People in Special Forces are teachers, “and teaching has been in my blood for a very long time. My mother and my grandmother were teachers. I thought this would be a good way, an exciting way for me to contribute.

“We absolutely, positively are not Rambos. We get an awful lot of very good training,and Green Berets,” he says, “are the lowest paid, most overlooked ambassadors we have.”

And they literally showed him the world.

He’s been to Granada, Mexico, Haiti, Chile, El Salvador, Panama, Bolivia, Okinawa, Korea, Thailand, the Philippines, Cambodia, Vietnam, Burma, Egypt, Jordan, Saudi Arabia, Kuwait, Iraq, the United Arab Emirates, Bahrain, Afghanistan, Sierra Leone, Somalia. Twenty-four countries in all.

“We jumped in a majority of them. We do a lot of parachuting that’s strictly for training. I have never made a combat jump anywhere, and I don’t think we should. If I were going to infiltrate, I’d rather land my team and walk where we have to be than take my chances with a jump operation.

“It’s not what you see when they bomb a building and grab somebody out of it. That’s movie stuff. It’s conceivable we could get those missions, but that’s not the normal everyday life of a Green Beret.

“The real life of a Green Beret, the mission of Special Forces, is you get with host nation forces and develop those host nation forces into an organized fighting unit. You train them.

“What makes a Special Forces soldier special is his ability to work with people, to understand what those people need and influence them to go in the proper direction.”

Lt. Col. Linder knows what makes Butch Young special.

“Sgt. Maj. Young is very humble and doesn’t see himself as better than any man,” he says, “but I’m here to tell you he is. I cannot over emphasize what a phenomenal soldier he is. Every commander wishes for 100 Sgt. Maj. Youngs.

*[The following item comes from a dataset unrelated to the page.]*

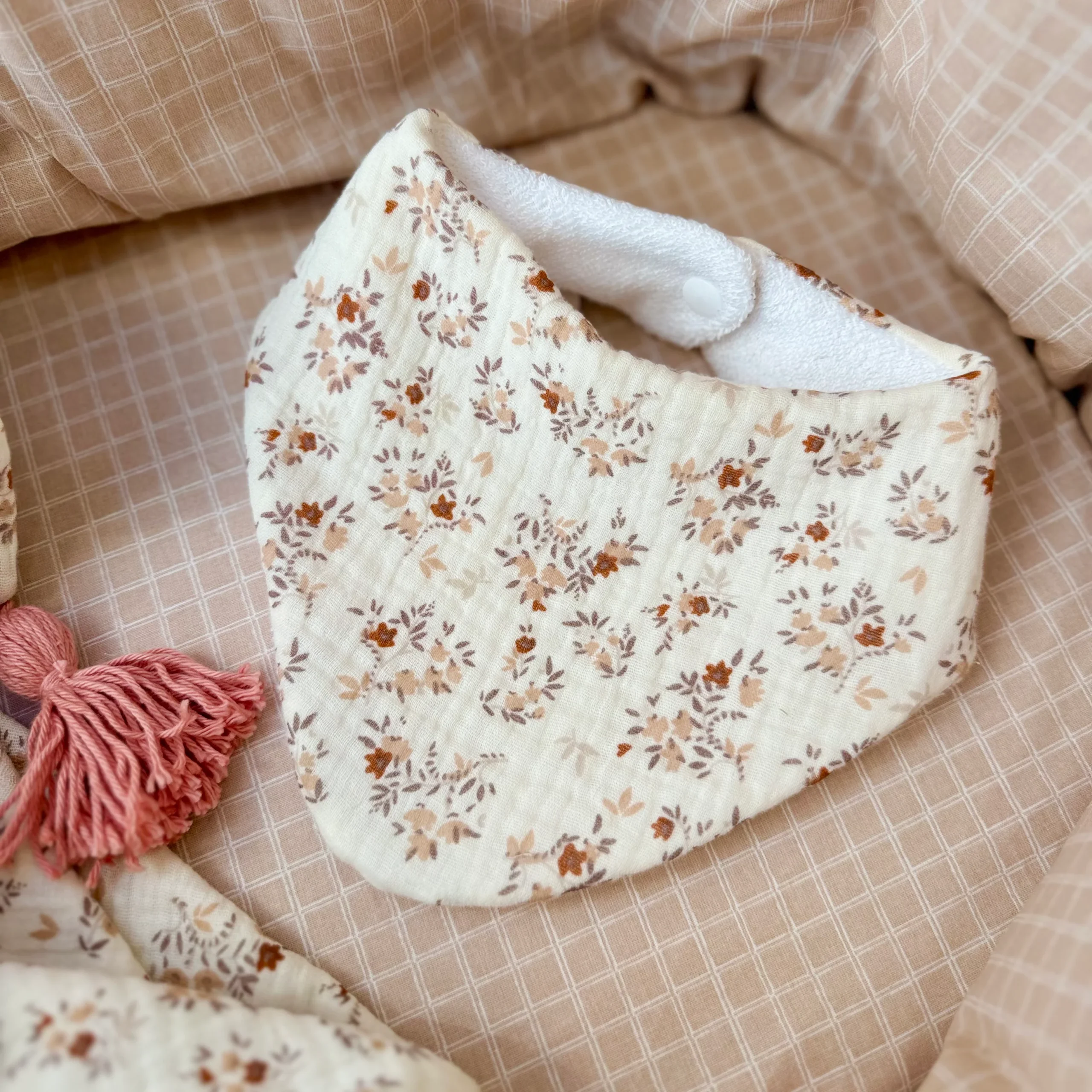 Bavoir bandana Aimée fleuri beige

“He is what you would want your son to grow up to be — an honorable, professional, caring, and — I could go on and on. When Mr. Webster crafted the definition of character, he had Sgt. Maj. Young in mind.

“I honestly believe that your community would be proud to know that people like Sgt. Maj. Young not only serve our great nation but represent their community. Especially now, when our nation is at war, it can be comforting to know that there are men like him, prepared to make the ultimate sacrifice, without fame or glory, just so communities like yours can live free.”

And, he adds, be proud.

“He, like all of us,” Linder says, “is a product of the community he was raised in. I’ve never been to the Salisbury area, but I can only imagine it to be an environment rich in values and patriotism, where community service, selfless sacrifice and respect for others is the norm. Sgt. Maj. Young is that kind of man, the kind of man who holds his word as his bond, the kind of man whom you can trust with the lives of your family members, the kind of man who would breach every obstacle to come to your aid, the kind of man who would give his life for his country.

“That kind of man had a strong and loving family and powerfully influencing, value-oriented community.

“Sgt. Maj. Butch Young is a man Salisbury can be proud of.

“He has never asked for fanfare or favor but simply for the opportunity to serve. It’s men like him that put the ‘Special’ in Special Forces. Green Berets give their all, every day, not for financial reward, not for recognition, but for the simple pleasure of serving our great nation and upholding the values this country was built on. Sgt. Maj. Young’s selfless service epitomizes the Green Berets’ reputation as the quiet professionals.”